ACTIVITY
Exclude the pictures, and otherwise reproduce the data in full.

STORED DATA
____

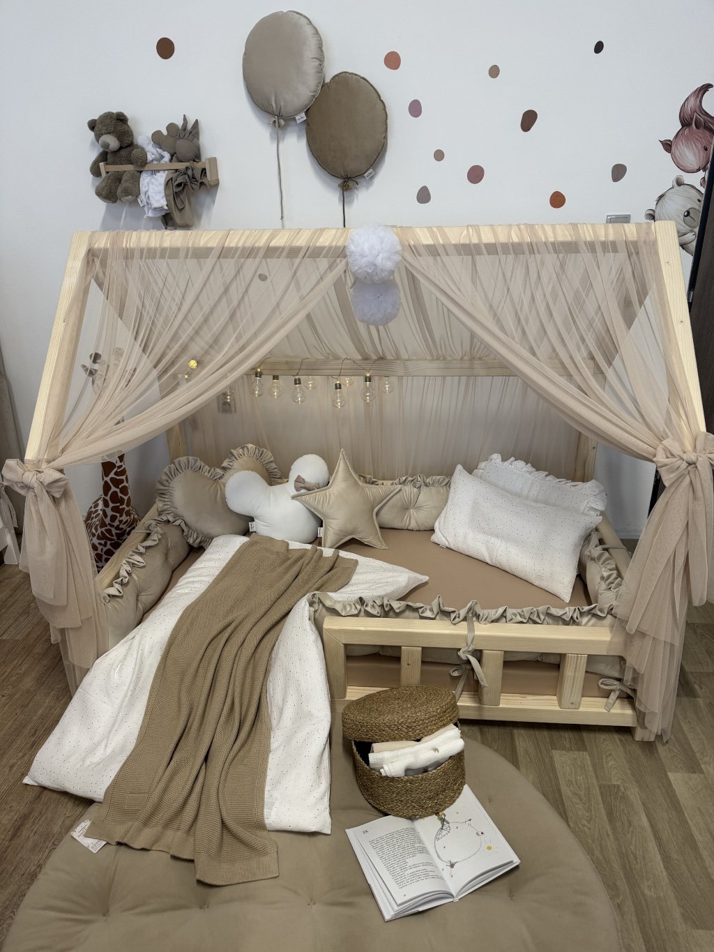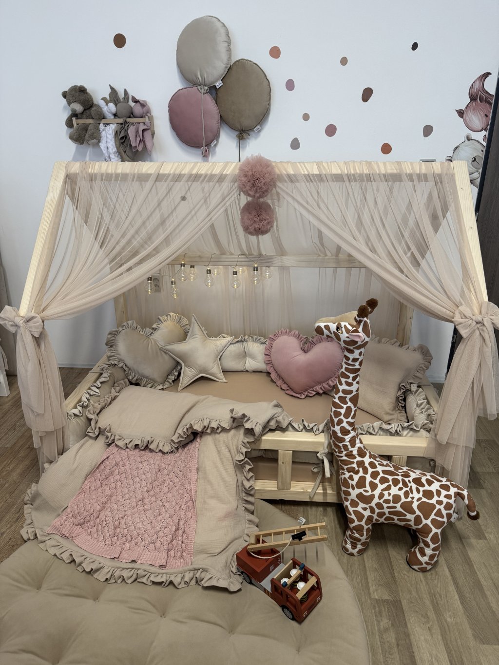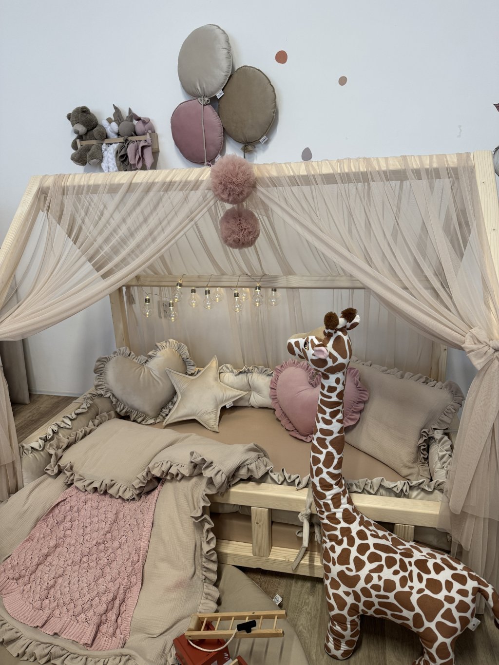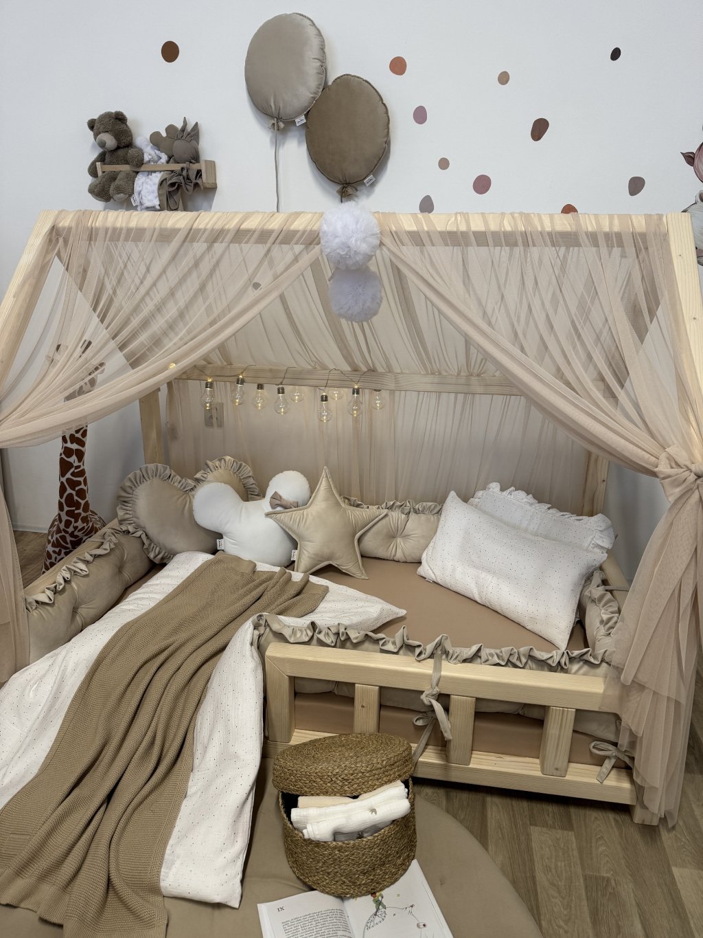 Nebesa jsou opatřena úvazky, pomocí kterých je lze snadno připevnit na několika místech ke konstrukci domečkové postele. Každý kus šijeme individuálně na míru podle rozměrů konkrétní postele. Na přání rádi ušijeme nebesa i pro jiné typy domečkových postelí – stačí nás kontaktovat a domluvíme detaily dle Vašich představ.
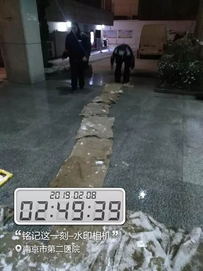 2月7日,当人们沉浸在春节的温馨团圆中时,我们的物业人便已再一次全体待命,铁锹、扫帚、洒水车、草垫等一件件“除雪利器”,亦严峻以待,南京春节"雪战"一触待发。
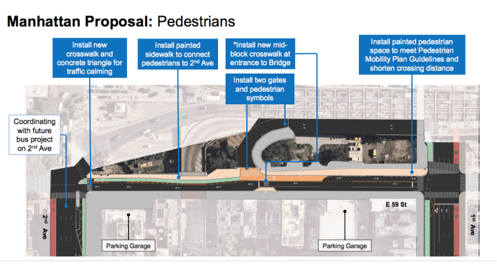 On the Manhattan side, the north side of East 59th Street between First and Second avenues will get a painted pedestrian bumpout, a painted sidewalk connected to Second Ave and a short midblock crossing near the entrance to the bridge’s forthcoming pedestrian path.
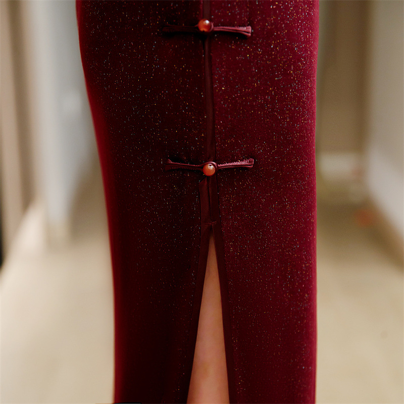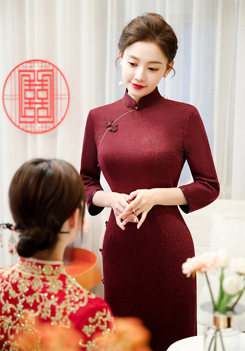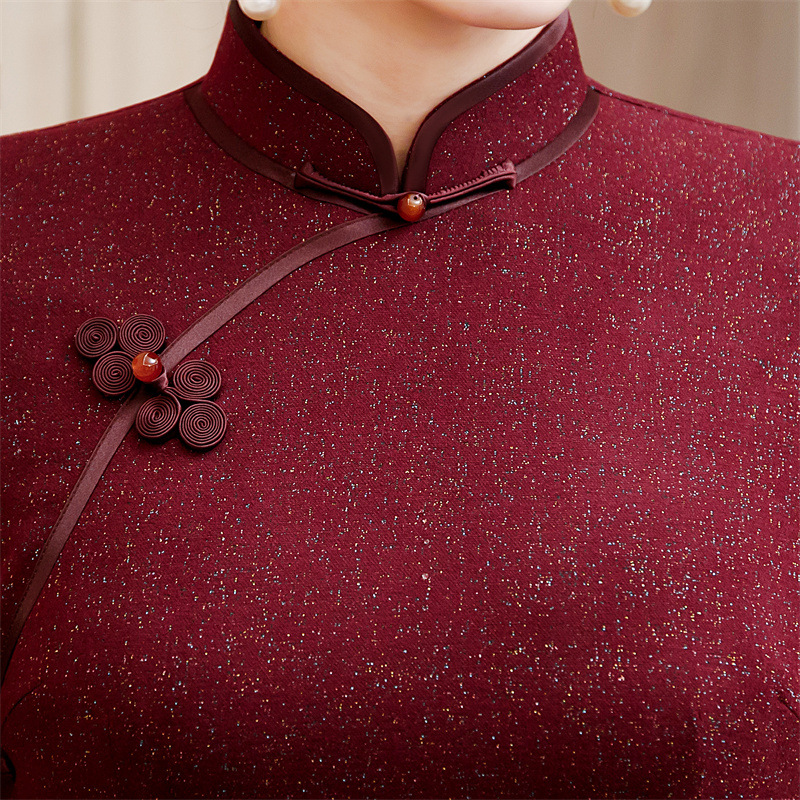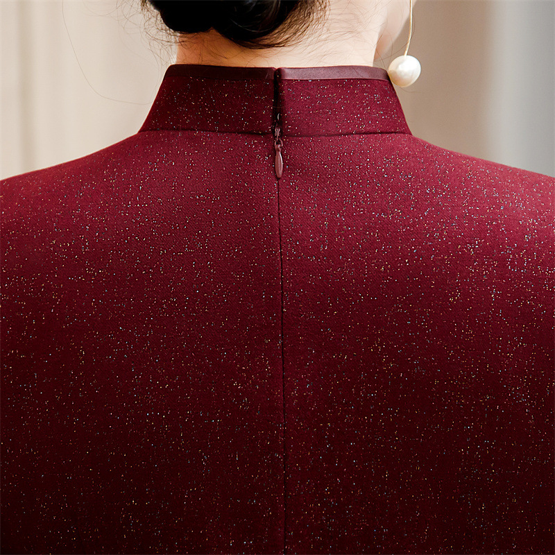 红色澳毛长款七分袖旗袍,复古民族风喜妈妈婚宴旗袍裙GX-609579

____

ANSWER FOR THIS EXERCISE
 Nebesa jsou opatřena úvazky, pomocí kterých je lze snadno připevnit na několika místech ke konstrukci domečkové postele. Každý kus šijeme individuálně na míru podle rozměrů konkrétní postele. Na přání rádi ušijeme nebesa i pro jiné typy domečkových postelí – stačí nás kontaktovat a domluvíme detaily dle Vašich představ.
 2月7日,当人们沉浸在春节的温馨团圆中时,我们的物业人便已再一次全体待命,铁锹、扫帚、洒水车、草垫等一件件“除雪利器”,亦严峻以待,南京春节"雪战"一触待发。
 On the Manhattan side, the north side of East 59th Street between First and Second avenues will get a painted pedestrian bumpout, a painted sidewalk connected to Second Ave and a short midblock crossing near the entrance to the bridge’s forthcoming pedestrian path.
 红色澳毛长款七分袖旗袍,复古民族风喜妈妈婚宴旗袍裙GX-609579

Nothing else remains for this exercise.